● **DATASET ENTRIES**
● ● ● ●

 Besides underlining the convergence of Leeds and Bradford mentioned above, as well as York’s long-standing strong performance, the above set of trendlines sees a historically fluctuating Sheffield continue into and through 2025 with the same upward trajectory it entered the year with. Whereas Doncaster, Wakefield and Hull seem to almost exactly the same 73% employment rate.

● ● ● ●

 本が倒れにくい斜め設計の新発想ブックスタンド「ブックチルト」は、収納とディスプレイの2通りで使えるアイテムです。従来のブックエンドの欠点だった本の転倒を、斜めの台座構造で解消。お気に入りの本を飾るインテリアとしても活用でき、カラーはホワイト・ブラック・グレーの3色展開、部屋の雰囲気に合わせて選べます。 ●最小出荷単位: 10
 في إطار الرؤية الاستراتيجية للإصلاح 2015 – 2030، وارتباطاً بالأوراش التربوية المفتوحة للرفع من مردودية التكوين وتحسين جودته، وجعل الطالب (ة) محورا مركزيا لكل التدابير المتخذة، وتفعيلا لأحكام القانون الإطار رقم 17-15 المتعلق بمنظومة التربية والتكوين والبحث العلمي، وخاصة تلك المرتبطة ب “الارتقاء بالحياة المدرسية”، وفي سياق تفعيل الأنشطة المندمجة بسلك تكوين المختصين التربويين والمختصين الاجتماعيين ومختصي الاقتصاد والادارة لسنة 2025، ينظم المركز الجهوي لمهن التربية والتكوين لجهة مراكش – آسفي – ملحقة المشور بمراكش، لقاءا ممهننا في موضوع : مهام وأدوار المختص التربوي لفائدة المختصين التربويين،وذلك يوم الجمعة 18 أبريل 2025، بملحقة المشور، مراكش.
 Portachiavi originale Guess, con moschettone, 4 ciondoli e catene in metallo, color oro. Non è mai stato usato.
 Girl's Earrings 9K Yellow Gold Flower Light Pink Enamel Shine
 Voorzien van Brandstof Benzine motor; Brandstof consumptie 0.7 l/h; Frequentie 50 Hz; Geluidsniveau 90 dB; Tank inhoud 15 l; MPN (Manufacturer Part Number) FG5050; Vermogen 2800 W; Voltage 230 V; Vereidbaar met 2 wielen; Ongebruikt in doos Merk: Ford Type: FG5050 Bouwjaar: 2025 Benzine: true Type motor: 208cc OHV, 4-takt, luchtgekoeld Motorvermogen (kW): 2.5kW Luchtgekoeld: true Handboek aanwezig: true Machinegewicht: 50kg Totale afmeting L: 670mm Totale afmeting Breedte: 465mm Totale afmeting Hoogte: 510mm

● ● ● ●

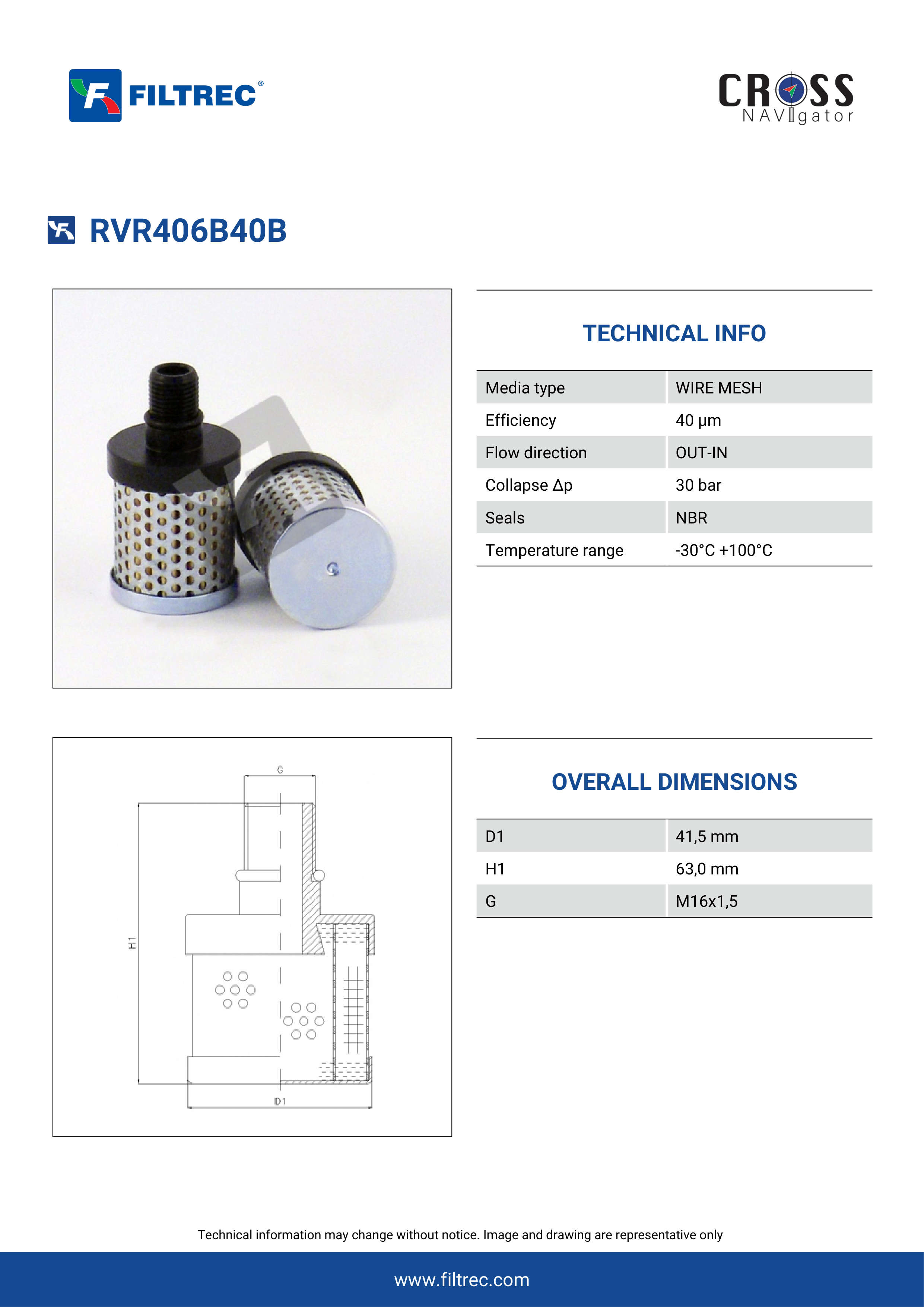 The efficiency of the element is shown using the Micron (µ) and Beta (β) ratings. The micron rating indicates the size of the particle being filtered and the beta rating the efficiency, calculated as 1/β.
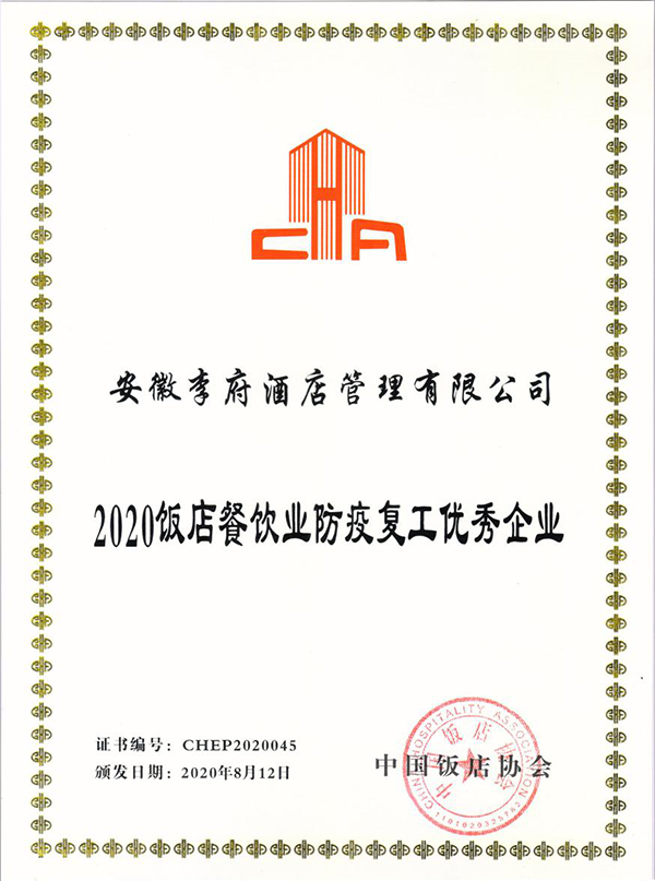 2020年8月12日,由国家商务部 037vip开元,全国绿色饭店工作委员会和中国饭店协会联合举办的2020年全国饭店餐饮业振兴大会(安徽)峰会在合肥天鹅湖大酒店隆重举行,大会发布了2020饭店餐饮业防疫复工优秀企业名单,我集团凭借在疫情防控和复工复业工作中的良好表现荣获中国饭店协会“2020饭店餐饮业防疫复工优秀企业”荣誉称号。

● ● ● ●

● **EXERCISE DIRECTIONS**
The response must hold only the lines above from the line with "Portachiavi originale Guess, con" through the line with "Voorzien van Brandstof", each copied exactly, both ends kept.

● **ANSWER TO THE EXERCISE**
 Portachiavi originale Guess, con moschettone, 4 ciondoli e catene in metallo, color oro. Non è mai stato usato.
 Girl's Earrings 9K Yellow Gold Flower Light Pink Enamel Shine
 Voorzien van Brandstof Benzine motor; Brandstof consumptie 0.7 l/h; Frequentie 50 Hz; Geluidsniveau 90 dB; Tank inhoud 15 l; MPN (Manufacturer Part Number) FG5050; Vermogen 2800 W; Voltage 230 V; Vereidbaar met 2 wielen; Ongebruikt in doos Merk: Ford Type: FG5050 Bouwjaar: 2025 Benzine: true Type motor: 208cc OHV, 4-takt, luchtgekoeld Motorvermogen (kW): 2.5kW Luchtgekoeld: true Handboek aanwezig: true Machinegewicht: 50kg Totale afmeting L: 670mm Totale afmeting Breedte: 465mm Totale afmeting Hoogte: 510mm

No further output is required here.